- [About this exercise] For the data below, please report each line where the word "Lerma" is found.

===== Dataset extract =====

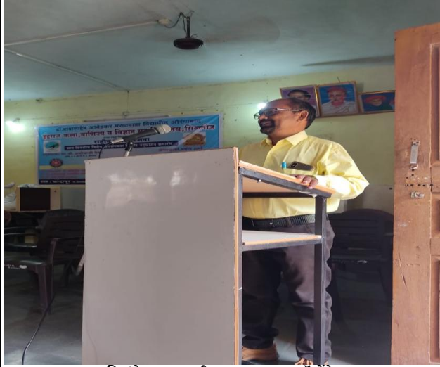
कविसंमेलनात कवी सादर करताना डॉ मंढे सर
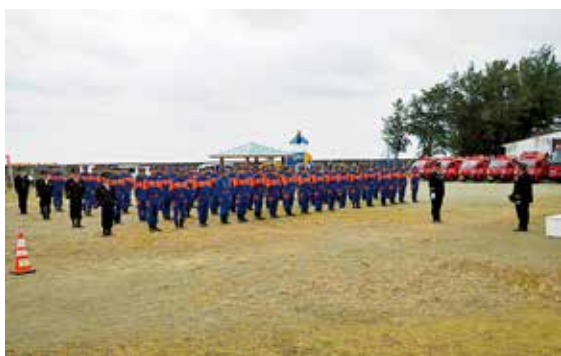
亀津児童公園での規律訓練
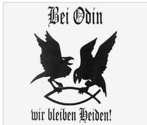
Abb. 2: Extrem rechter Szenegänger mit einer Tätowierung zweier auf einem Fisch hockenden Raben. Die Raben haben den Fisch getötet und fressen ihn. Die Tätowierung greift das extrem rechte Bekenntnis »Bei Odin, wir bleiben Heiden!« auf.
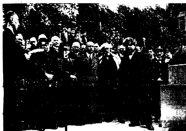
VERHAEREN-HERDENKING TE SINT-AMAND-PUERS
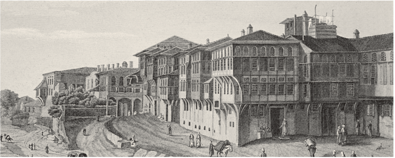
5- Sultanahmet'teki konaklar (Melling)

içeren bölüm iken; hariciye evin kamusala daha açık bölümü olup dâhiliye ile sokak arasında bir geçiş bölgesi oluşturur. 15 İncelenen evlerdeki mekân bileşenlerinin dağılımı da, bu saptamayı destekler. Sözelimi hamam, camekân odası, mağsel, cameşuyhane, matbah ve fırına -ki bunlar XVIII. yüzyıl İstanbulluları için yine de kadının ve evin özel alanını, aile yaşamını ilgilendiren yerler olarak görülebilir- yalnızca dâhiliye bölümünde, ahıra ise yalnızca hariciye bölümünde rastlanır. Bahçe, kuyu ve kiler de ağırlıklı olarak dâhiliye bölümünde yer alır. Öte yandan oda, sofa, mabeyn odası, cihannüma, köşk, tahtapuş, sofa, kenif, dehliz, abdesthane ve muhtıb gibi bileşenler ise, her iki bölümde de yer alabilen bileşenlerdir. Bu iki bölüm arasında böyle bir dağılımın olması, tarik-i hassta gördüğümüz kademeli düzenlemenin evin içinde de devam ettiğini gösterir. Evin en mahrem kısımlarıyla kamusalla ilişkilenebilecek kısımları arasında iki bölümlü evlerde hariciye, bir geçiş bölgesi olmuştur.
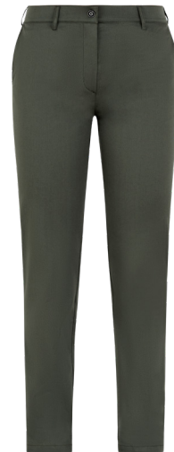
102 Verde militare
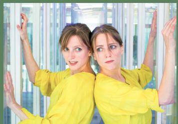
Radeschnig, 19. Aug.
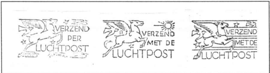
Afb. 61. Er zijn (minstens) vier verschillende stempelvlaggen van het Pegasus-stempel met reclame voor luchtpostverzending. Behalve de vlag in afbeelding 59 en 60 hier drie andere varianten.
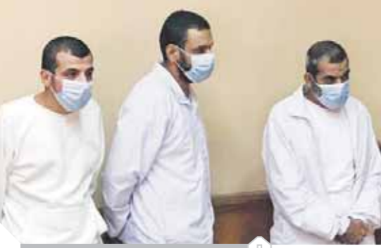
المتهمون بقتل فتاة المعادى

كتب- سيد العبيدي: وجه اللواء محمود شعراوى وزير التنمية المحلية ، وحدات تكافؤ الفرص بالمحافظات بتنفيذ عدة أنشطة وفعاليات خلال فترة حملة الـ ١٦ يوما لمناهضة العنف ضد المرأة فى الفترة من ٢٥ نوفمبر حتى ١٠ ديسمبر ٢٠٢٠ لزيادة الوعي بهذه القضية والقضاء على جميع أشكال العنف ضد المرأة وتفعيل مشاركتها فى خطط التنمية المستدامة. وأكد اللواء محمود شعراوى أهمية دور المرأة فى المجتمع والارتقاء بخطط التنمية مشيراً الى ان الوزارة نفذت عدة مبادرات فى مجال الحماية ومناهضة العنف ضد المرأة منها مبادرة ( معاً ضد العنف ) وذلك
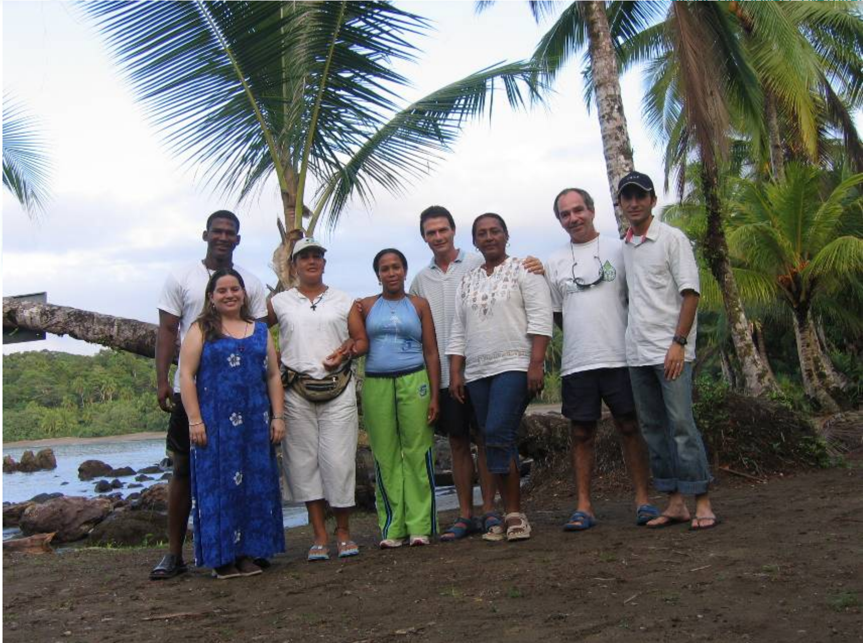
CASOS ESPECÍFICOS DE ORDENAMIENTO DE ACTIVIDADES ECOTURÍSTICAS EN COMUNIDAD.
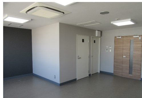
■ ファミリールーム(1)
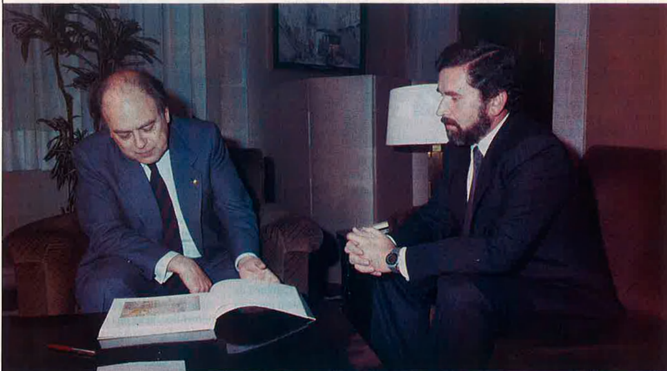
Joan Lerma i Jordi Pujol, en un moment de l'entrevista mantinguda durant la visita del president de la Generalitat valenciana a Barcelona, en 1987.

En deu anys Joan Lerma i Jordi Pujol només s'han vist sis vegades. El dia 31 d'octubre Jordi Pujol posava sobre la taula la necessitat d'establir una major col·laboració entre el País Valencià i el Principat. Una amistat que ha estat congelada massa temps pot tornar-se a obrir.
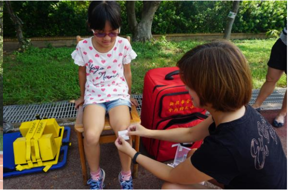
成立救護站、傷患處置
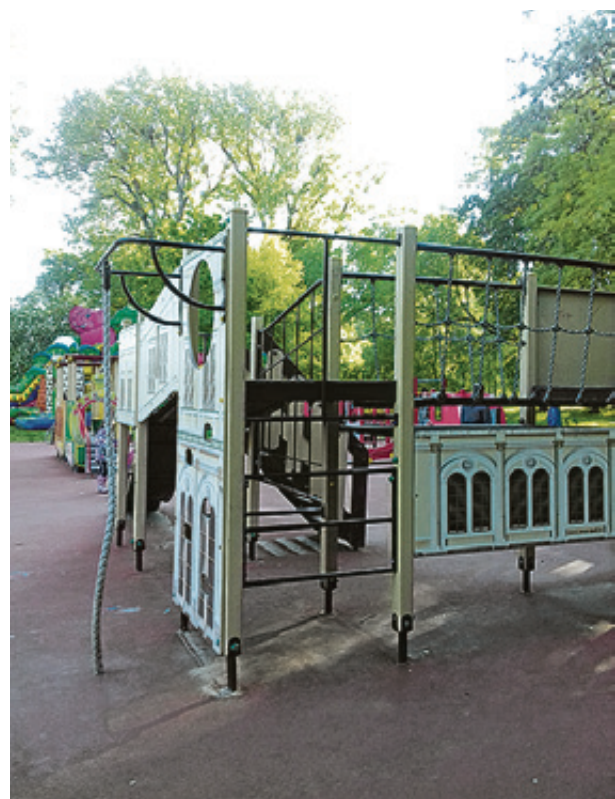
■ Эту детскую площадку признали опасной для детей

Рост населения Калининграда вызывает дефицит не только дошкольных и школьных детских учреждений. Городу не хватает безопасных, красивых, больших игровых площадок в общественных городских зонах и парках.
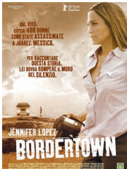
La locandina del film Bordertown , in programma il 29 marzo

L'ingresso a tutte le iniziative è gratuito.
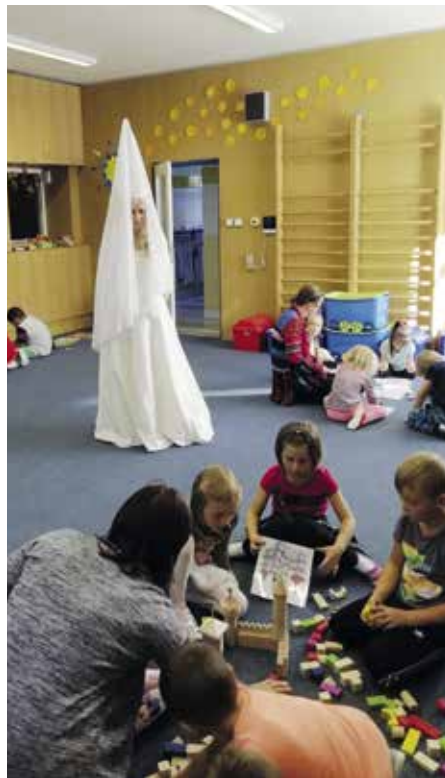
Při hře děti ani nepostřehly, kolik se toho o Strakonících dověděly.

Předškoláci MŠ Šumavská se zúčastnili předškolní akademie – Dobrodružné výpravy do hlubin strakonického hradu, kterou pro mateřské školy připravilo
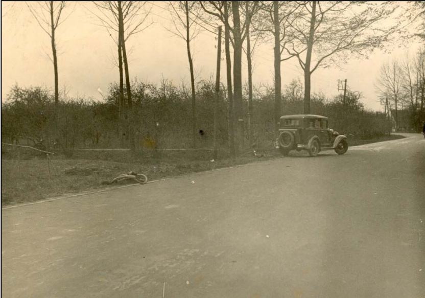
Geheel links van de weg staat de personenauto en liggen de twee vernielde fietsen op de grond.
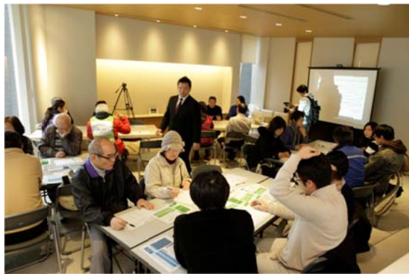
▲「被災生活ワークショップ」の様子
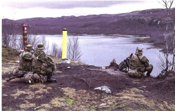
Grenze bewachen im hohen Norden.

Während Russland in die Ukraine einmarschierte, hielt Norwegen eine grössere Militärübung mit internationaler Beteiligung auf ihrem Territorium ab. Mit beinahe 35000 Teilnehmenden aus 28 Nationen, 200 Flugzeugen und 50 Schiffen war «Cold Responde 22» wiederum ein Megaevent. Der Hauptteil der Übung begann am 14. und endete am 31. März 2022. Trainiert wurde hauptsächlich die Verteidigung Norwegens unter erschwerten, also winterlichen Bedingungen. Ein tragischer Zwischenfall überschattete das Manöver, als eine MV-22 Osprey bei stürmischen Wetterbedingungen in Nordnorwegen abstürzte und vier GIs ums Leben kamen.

=====

- [Answer below]
Joan Lerma i Jordi Pujol, en un moment de l'entrevista mantinguda durant la visita del president de la Generalitat valenciana a Barcelona, en 1987.
En deu anys Joan Lerma i Jordi Pujol només s'han vist sis vegades. El dia 31 d'octubre Jordi Pujol posava sobre la taula la necessitat d'establir una major col·laboració entre el País Valencià i el Principat. Una amistat que ha estat congelada massa temps pot tornar-se a obrir.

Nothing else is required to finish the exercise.